◆ Your assignment: Your output should be the lines from the one containing "- K18WG 特大カメオ" through the last line below, both ends included, exactly as written and free of pictures.

◆ Data provided:
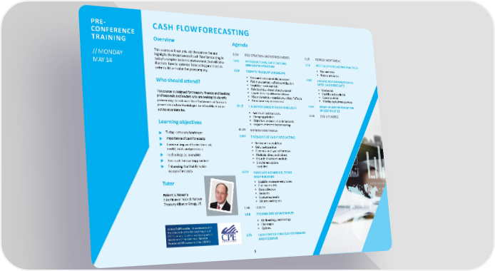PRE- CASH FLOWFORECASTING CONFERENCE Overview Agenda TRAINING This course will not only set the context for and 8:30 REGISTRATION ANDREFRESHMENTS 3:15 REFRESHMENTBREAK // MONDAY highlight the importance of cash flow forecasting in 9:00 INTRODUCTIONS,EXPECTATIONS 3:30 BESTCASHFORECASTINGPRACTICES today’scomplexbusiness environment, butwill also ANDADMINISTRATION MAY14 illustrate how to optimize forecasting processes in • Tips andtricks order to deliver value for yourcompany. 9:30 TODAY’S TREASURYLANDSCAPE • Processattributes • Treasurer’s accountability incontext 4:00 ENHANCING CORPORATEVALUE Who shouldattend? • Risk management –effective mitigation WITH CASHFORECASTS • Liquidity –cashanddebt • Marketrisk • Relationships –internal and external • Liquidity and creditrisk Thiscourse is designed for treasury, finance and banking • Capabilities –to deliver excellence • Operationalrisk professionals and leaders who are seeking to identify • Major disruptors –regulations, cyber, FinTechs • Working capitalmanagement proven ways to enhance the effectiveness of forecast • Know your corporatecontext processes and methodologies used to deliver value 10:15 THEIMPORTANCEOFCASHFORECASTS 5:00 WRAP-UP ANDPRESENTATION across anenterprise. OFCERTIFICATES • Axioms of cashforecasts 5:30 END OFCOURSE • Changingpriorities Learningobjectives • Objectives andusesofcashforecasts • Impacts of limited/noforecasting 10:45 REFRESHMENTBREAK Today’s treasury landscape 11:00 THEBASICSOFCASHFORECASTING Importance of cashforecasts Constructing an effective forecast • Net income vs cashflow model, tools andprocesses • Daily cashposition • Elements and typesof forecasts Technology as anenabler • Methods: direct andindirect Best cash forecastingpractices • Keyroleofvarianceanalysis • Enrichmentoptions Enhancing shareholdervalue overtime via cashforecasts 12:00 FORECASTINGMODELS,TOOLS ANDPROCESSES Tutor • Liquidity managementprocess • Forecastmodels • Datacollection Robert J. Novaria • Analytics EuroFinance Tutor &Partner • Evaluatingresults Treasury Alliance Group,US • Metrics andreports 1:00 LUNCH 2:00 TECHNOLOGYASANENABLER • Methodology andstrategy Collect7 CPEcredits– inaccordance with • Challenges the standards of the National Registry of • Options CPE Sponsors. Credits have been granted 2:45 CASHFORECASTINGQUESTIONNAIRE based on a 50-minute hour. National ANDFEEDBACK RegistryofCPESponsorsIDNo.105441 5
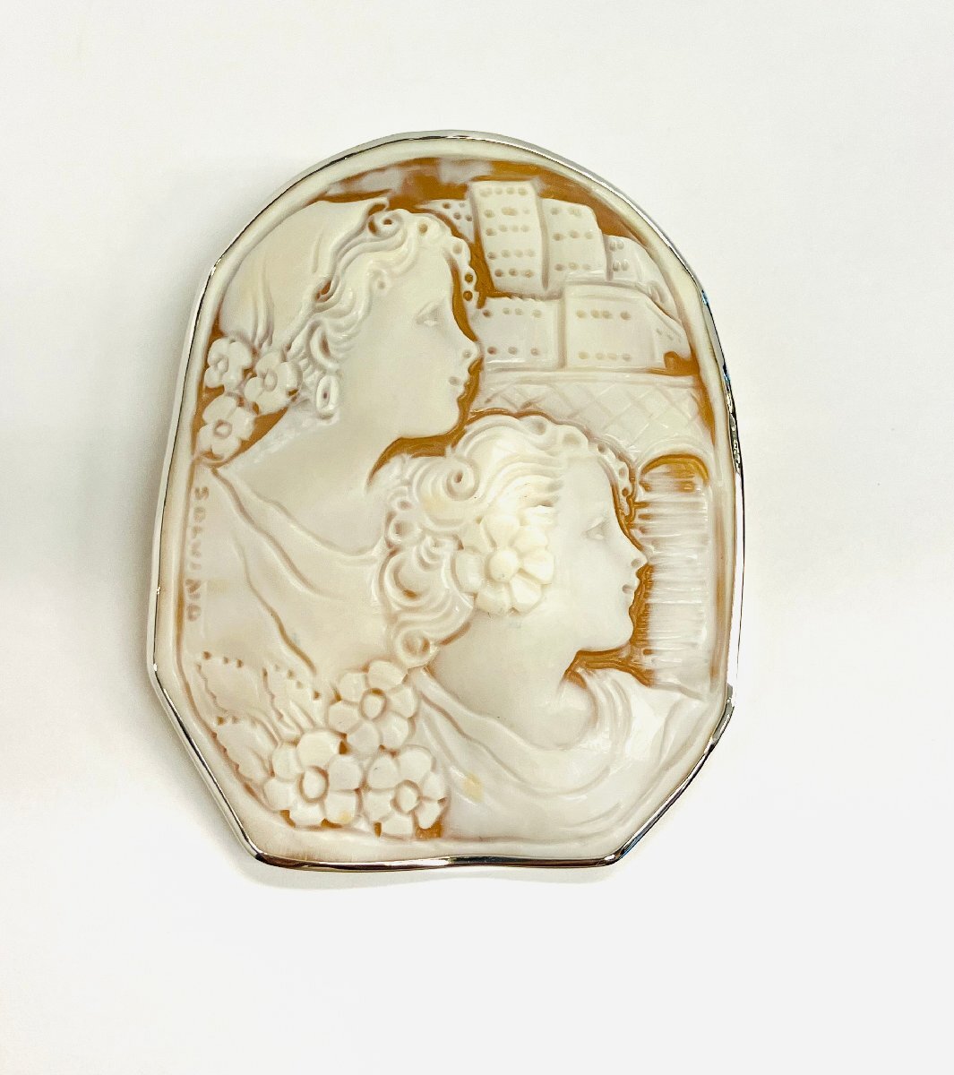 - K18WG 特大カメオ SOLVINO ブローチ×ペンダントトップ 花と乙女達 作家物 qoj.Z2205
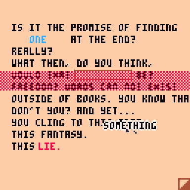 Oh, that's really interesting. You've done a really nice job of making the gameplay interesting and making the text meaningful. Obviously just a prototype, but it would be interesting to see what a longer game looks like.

◆ The completed task:
 - K18WG 特大カメオ SOLVINO ブローチ×ペンダントトップ 花と乙女達 作家物 qoj.Z2205
 Oh, that's really interesting. You've done a really nice job of making the gameplay interesting and making the text meaningful. Obviously just a prototype, but it would be interesting to see what a longer game looks like.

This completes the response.